サンドイッチ溶接構造のADVAN Racing ONIをオーバーホール/塗装
古いホイールですので、全体的に艶引けや劣化が出ているので、全て綺麗にフルオーバーホールご希望で、東京都よりご依頼頂きました。
このホイールは旧車系ホイールに良くある構造で、アウターリムとインナーリムでディスクをサンドイッチし、溶接になっているサンドイッチ溶接と言うタイプで、構造的には3Pですが分解出来ないタイプになります。
よって、このまま作業を進めます。
まずはディスクの塗装を剥離し、ブラスト処理で塗装前の素地を整えます。
ディスクのカラーは、メタリック粒子がそこそこ立っているタイプなので、近似のミディアムメタリックシルバーを使います。
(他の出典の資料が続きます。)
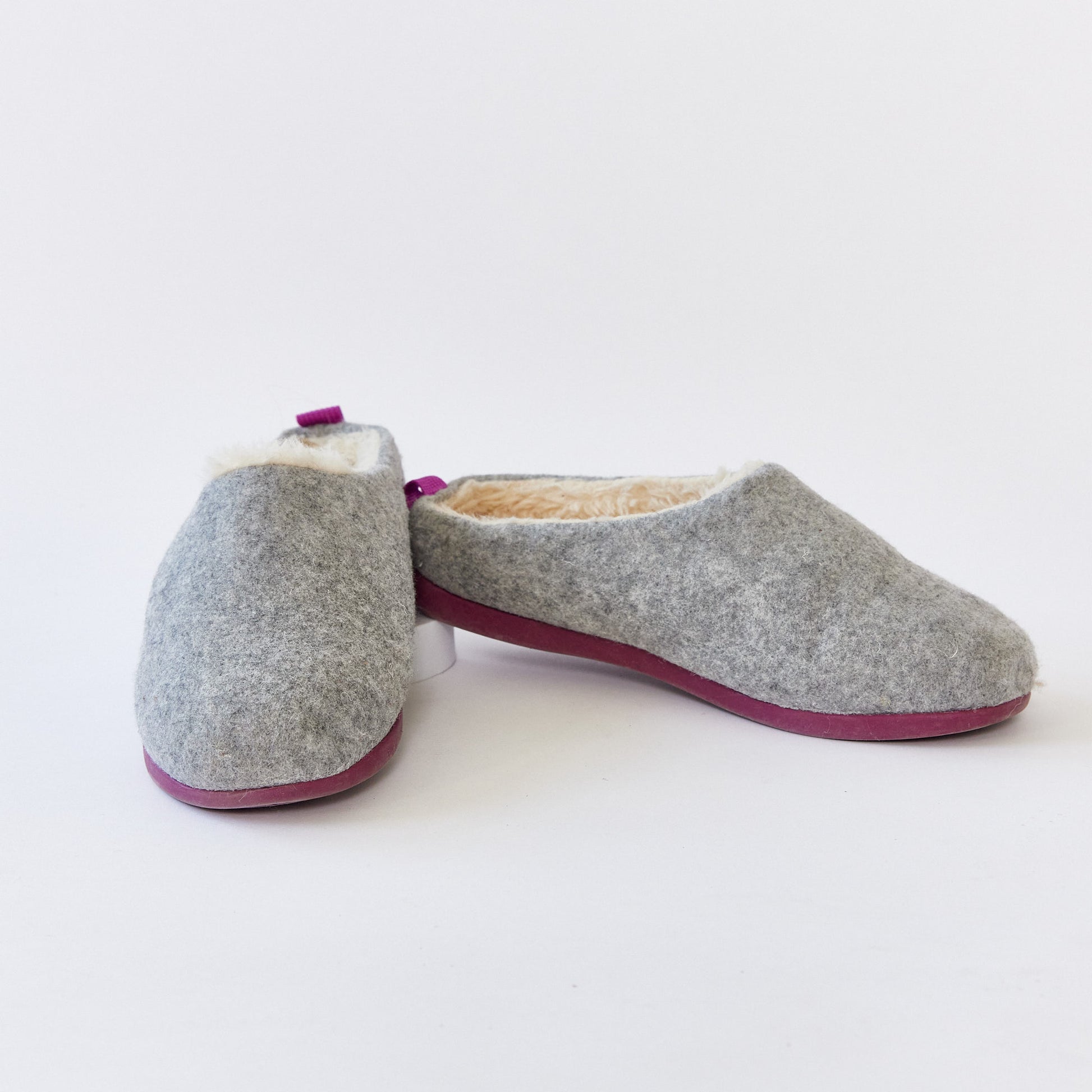 Grey Wool Mule style slipper with purple soles and faux sheepskin lining in size 6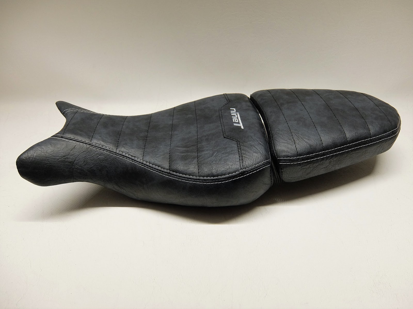 Neubezug in Used Look AC36, Quersteppung mit dunkelblauer Ziernaht, doppelte Ziernaht/Stick in Silber. Mit körperspezifischer Komfortpolsterung/Gel-Aktivmatte.

ミディアムメタリックシルバーをパウダーコートします。
焼き付けて一旦硬化させます。
堀文字もオリジナルと同じように黒を入れますので、大雑把にマスキングをして周囲を隠します。
黒の塗装は、最後のクリアーはパウダーコートクリアーを使いますので、普通の塗装ですとパウダーコートの焼き温度180℃には耐えられませんので、耐熱性の高い溶剤塗装で行います。
マスキングを剥がし、硬化させる前に表面を拭き取る事で、堀の中の黒だけが綺麗に残ります。
最後にクリアーをパウダーコートします。
アウターリムはポリッシュにしますので、回転研磨でポリッシュにし、さらにバレル仕上げ研磨にかけて綺麗な鏡面ポリッシュにします。
ポリッシュ後のクリアー塗装有無は任意で選択していただけます。
判断基準としては、鏡面の輝き重視はクリアー塗装無し、メンテナンス性重視はクリアー有り、と言う感じになります。
ただし、クリアー塗装無しは保護膜となるクリアー膜が無いので、徐々に酸化により白濁りしてきます。
酸化白濁りはDIY手磨きで解消にはなりますが、定期的にメンテナンスをしながら維持していく必要があります。
一方クリアー塗装有りは、クリアーが保護膜となるので、酸化白濁りはしませんが、鏡面無垢の状態に比べると2割程輝き感が引けます。
また、いずれクリアーの下に水分が混入し、それが白錆となります。
白錆は、クリアーを剥離し素地を磨かなければ除去になりませんので、DIY処理は出来ません。
以上のように、ポリッシュに対するクリアー塗装有無はどちらも一長一短あります。
今回は鏡面の輝き重視でクリアー塗装無しです。
インナーリムは回転研磨で切削無垢肌にします。
Oniのピアスボルトは特殊な形状ですが、お客様ご自身でご用意されており、交換にしております。
アウターリムはクリアー塗装無しなので、鏡のような映り込みです。